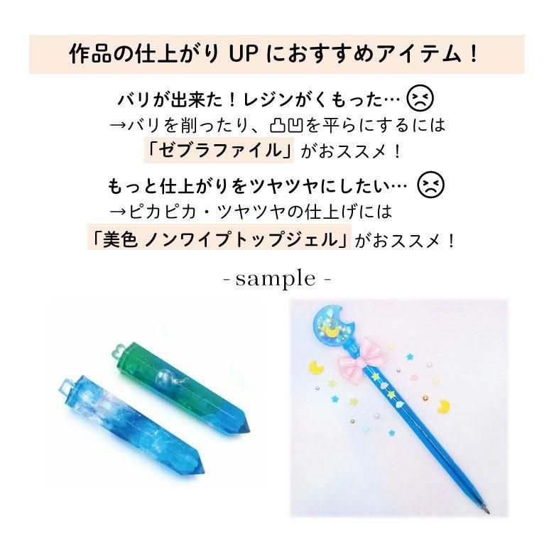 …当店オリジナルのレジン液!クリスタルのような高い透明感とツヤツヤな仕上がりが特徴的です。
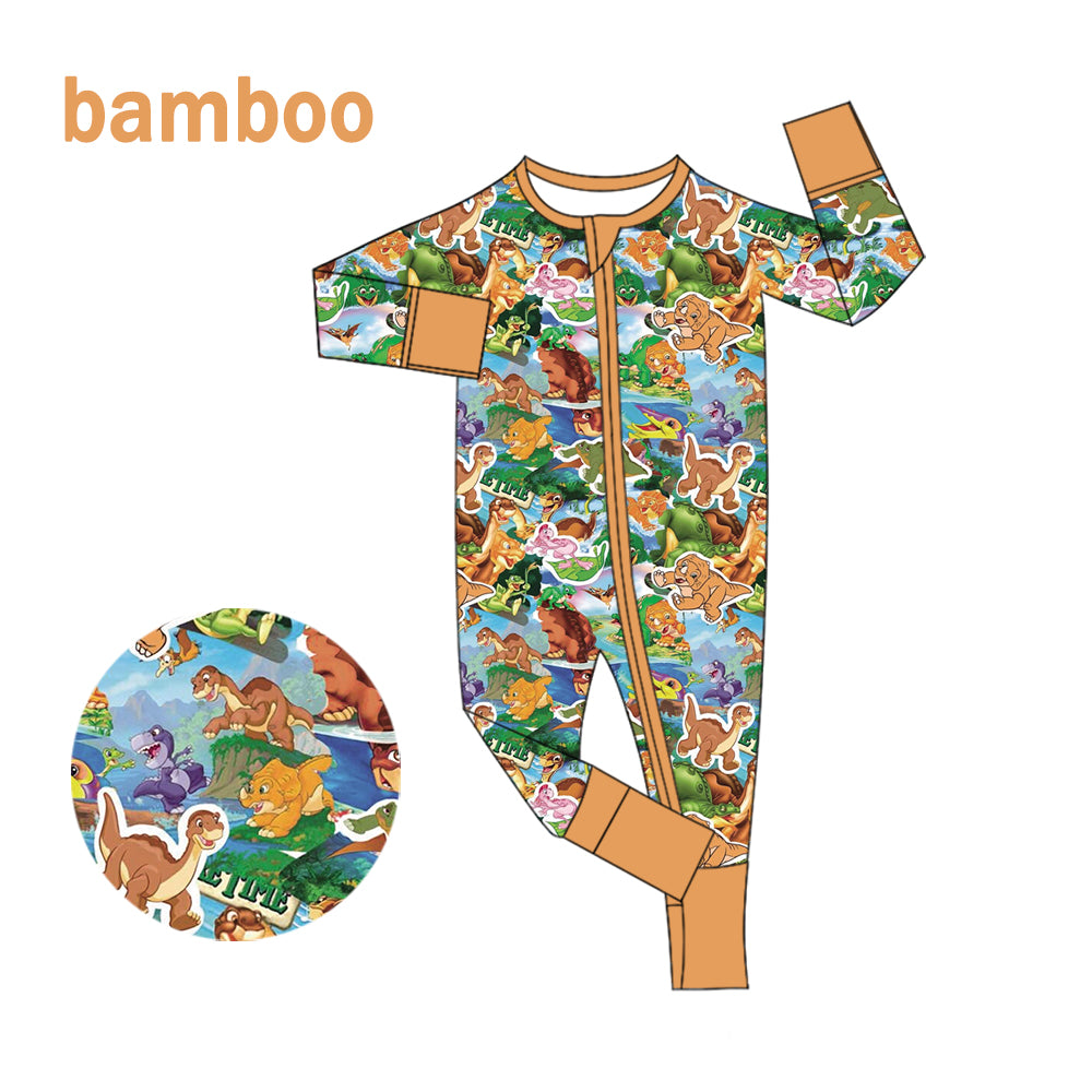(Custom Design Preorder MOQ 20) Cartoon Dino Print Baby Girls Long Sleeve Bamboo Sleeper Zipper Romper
---
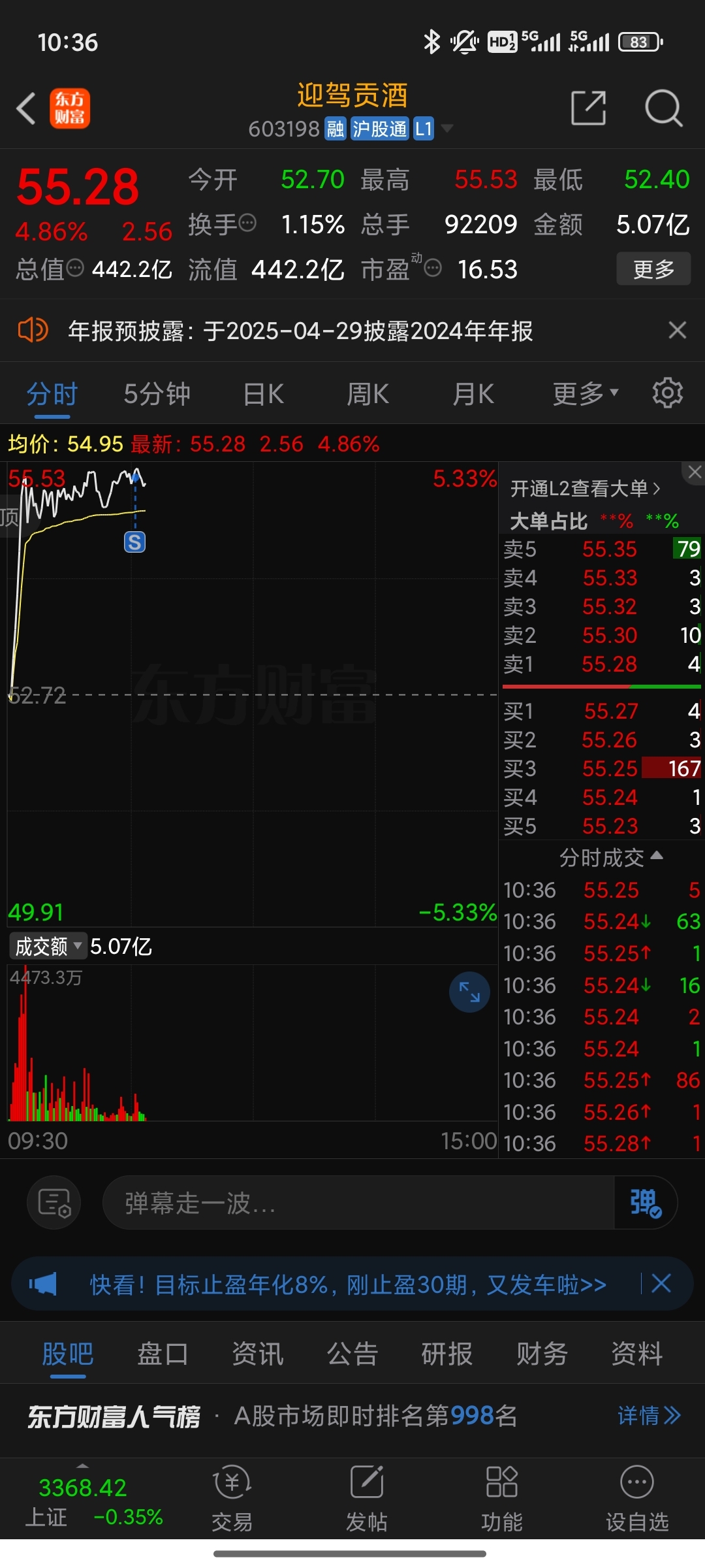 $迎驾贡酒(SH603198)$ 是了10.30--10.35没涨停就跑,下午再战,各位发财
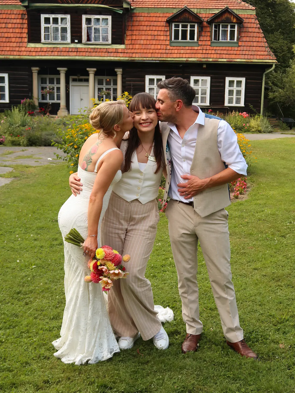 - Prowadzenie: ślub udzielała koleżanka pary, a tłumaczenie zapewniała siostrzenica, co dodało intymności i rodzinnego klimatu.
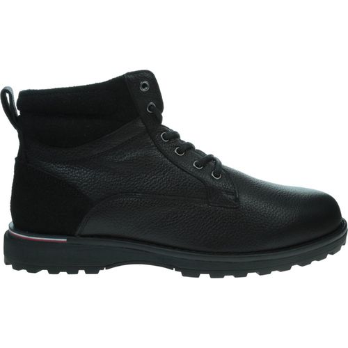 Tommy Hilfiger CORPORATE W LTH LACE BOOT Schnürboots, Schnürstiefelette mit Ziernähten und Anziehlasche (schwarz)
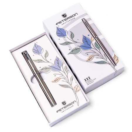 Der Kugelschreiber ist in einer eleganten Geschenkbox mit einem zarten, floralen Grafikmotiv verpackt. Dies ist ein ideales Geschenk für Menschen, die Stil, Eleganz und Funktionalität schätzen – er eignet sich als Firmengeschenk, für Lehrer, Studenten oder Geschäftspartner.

◆ TASK TO CARRY OUT ◆
Please copy out from the data above, without any picture, exactly the lines running from the one that holds "- Prowadzenie: ślub" through the one that holds "Tommy Hilfiger CORPORATE", and nothing beyond them.

◆ PROBLEM SOLUTION ◆
 - Prowadzenie: ślub udzielała koleżanka pary, a tłumaczenie zapewniała siostrzenica, co dodało intymności i rodzinnego klimatu.
 Tommy Hilfiger CORPORATE W LTH LACE BOOT Schnürboots, Schnürstiefelette mit Ziernähten und Anziehlasche (schwarz)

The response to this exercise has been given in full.